We’re having a seminar on applied category theory at U. C. Riverside, organized by Joe Moeller and Christian Williams.

It will take place on Wednesdays at 5 pm UTC, which is 10 am in California or 1 pm on the east coast of the United States, or 6 pm in England. It will be held online via Zoom, here:

https://ucr.zoom.us/j/607160601

We will have discussions online here:

https://categorytheory.zulipchat.com/

The first two talks will be:

- Wednesday April 1st, John Baez: Structured cospans and double categories.

**Abstract.** One goal of applied category theory is to better understand networks appearing throughout science and engineering.

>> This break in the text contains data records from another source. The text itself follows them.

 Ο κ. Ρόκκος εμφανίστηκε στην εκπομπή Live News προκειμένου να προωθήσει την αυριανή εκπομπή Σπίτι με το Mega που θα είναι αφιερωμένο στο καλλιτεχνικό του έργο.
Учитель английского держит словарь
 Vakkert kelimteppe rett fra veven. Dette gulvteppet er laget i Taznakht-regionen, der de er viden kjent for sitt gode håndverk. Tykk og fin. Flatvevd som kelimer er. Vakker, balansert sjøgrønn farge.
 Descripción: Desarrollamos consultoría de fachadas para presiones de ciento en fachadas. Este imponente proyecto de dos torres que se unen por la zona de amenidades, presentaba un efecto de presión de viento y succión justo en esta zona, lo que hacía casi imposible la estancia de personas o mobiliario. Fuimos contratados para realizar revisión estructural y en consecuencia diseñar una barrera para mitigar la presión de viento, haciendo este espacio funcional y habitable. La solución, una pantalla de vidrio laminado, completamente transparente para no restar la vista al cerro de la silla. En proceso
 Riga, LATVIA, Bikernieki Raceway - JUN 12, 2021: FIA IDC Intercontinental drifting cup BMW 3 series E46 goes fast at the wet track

Here we introduce “structured cospans” as a way to study networks with inputs and outputs. Given a functor $L \colon A \to X$, a structured cospan is a diagram in $X$ of the form
$L(a) \to x \leftarrow L(b).$
If $A$ and $X$ have finite colimits and $L$ is a left adjoint, we obtain a symmetric monoidal category whose objects are those of $A$ and whose morphisms are certain equivalence classes of structured cospans. However, this arises from a more fundamental structure: a symmetric monoidal *double* category where the horizontal 1-cells are structured cospans, not equivalence classes thereof. We explain the mathematics and illustrate it with an example from chemistry.

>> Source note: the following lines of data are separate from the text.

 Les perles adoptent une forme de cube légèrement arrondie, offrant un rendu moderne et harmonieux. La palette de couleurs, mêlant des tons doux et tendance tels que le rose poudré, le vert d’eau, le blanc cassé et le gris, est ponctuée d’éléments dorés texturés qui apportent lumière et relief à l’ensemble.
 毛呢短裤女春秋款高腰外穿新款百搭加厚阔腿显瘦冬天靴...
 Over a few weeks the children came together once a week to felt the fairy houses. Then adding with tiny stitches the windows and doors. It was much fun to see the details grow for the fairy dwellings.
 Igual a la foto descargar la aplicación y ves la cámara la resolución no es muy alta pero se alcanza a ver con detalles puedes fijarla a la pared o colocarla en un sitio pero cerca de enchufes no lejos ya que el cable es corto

- Wednesday April 8th, Prakash Panangaden: A categorical view of conditional expectation.

**Abstract.** This talk is a fragment from a larger work on approximating Markov processes. I will focus on a functorial definition of conditional expectation without talking about how it was used. We define categories of cones — which are abstract versions of the familiar cones in vector spaces — of measures and related categories cones of $L_p$ functions. We will state a number of dualities and isomorphisms between these categories. Then we will define conditional expectation by exploiting these dualities: it will turn out that we can define conditional expectation with respect to certain morphisms. These generalize the standard notion of conditioning with respect to a sub-sigma algebra. Why did I use the plural? Because it turns out that there are two kinds of conditional expectation, one of which looks like a left adjoint (in the matrix sense not the categorical sense) and the other looks like a right adjoint. I will review concepts like image measure, Radon-Nikodym derivatives and the traditional definition of conditional expectation. This is joint work with Philippe Chaput, Vincent Danos and Gordon Plotkin.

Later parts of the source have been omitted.